Observing my hangdog expression, he continued: "Do not look so despondent, Eudoxos. A man feels about his loss of phallic vigor as a woman feels about the loss of her beauty. But these things overtake all of us if we are fortunate enough to live so long. The life of an oldster is still better than its only alternative—death."
"Then what shall I do?" I cried. "By the Heavenly Twins, Tin not old enough to submit tamely to this fate! I have been as happily married as a man can be, but this is no longer the case. Things go from bad to worse."

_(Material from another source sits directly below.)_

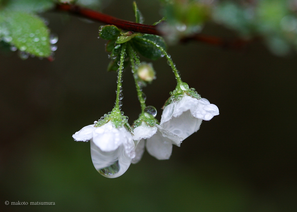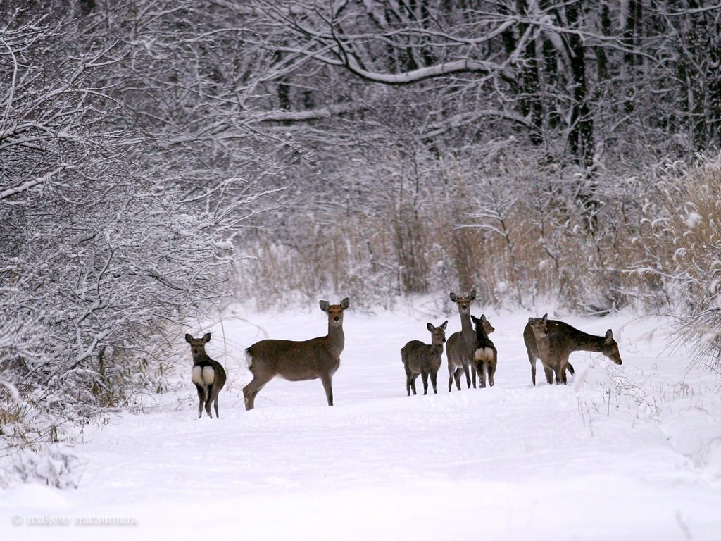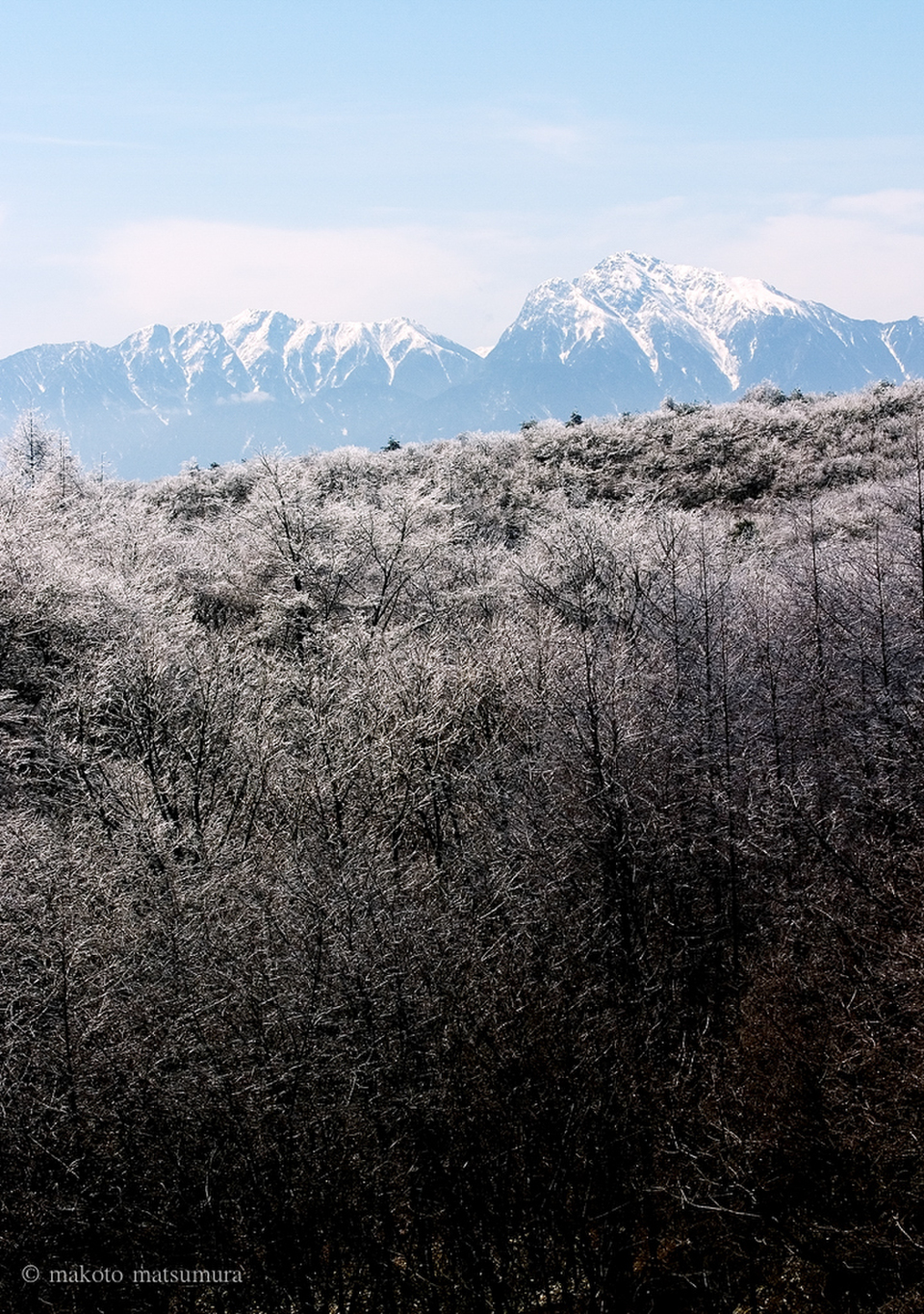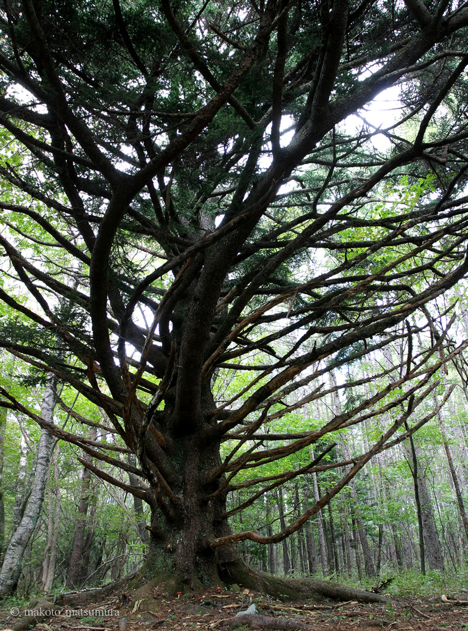 4月28日。芽吹くカラマツ林は時ならぬ淡雪に濡れた。

He shrugged. "When I studied in Alexandria, I met an Indian, who assured me that Indian medical science was far ahead of ours. He claimed that the wise men of India could prolong life, revive the dead, and do all kinds of wonderful things. If these tales be true, they could doubtless stiffen your yard for you."
"Ah, but are they truer
"Perhaps, perhaps not. I have never been to India and, save for this one man, I have never known anyone else who had, either."
"Nor I. It is said to be a fearful journey, the more so since the realm of the barbarous Parthians now lies athwart the land route to India."
"So they say," replied Glaukos, and we dropped the subject.
A few months later, Kyzikos made up an embassy to the court of King Ptolemaios Evergetes—Evergetes the Second, otherwise known—but not to his face—as ho Physkon, "the Sausage." Physkon staged a big spring festival in honor of Persephonê, and—she being our patron goddess—we sent a delegation of priests to take part in the rites and athletes to compete in the games. Since I had just finished my term as polemarch, and in view of my experience in such matters, I was appointed sacred ambassador and peace herald. I made the arrangements for the journey, governed the rest of the delegation, and represented the delegation in its dealings with the Egyptian court.
We traveled in the state galley. I took my slave, a Scythian named Gnouros. This was a quiet little man, who did as he was told and kept his thoughts—if any—to himself. This left Astra with only one servant in the house, our hired maid-of-all-work Dirka. But your mother preferred it that way. She felt secure, with daily visits to and from our many relatives, and she did not wish to have to break in a new slave or a hired servant in my absence.
As we headed out into the windy Propontis, I stood on the poop deck, waving to your mother, and she waved to me from the quay. I suppose you were too young at the time to remember that parting now. We waved until each was out of the other's sight. When Mount Dindymos sank below the blue curve of the Propontis, I wept tears as salty as the sea. Some of my fellow passengers spoke of this, and I made an excuse about the pain of leaving one's beloved city. It would not have done to admit that a mere woman had brought my feelings so visibly to the surface.
And so the tale of my later voyages, which has taken me months to dictate, begins. I hope you will find it beguiling for its own sake as well as an effective self-justification by your sire. Rejoice!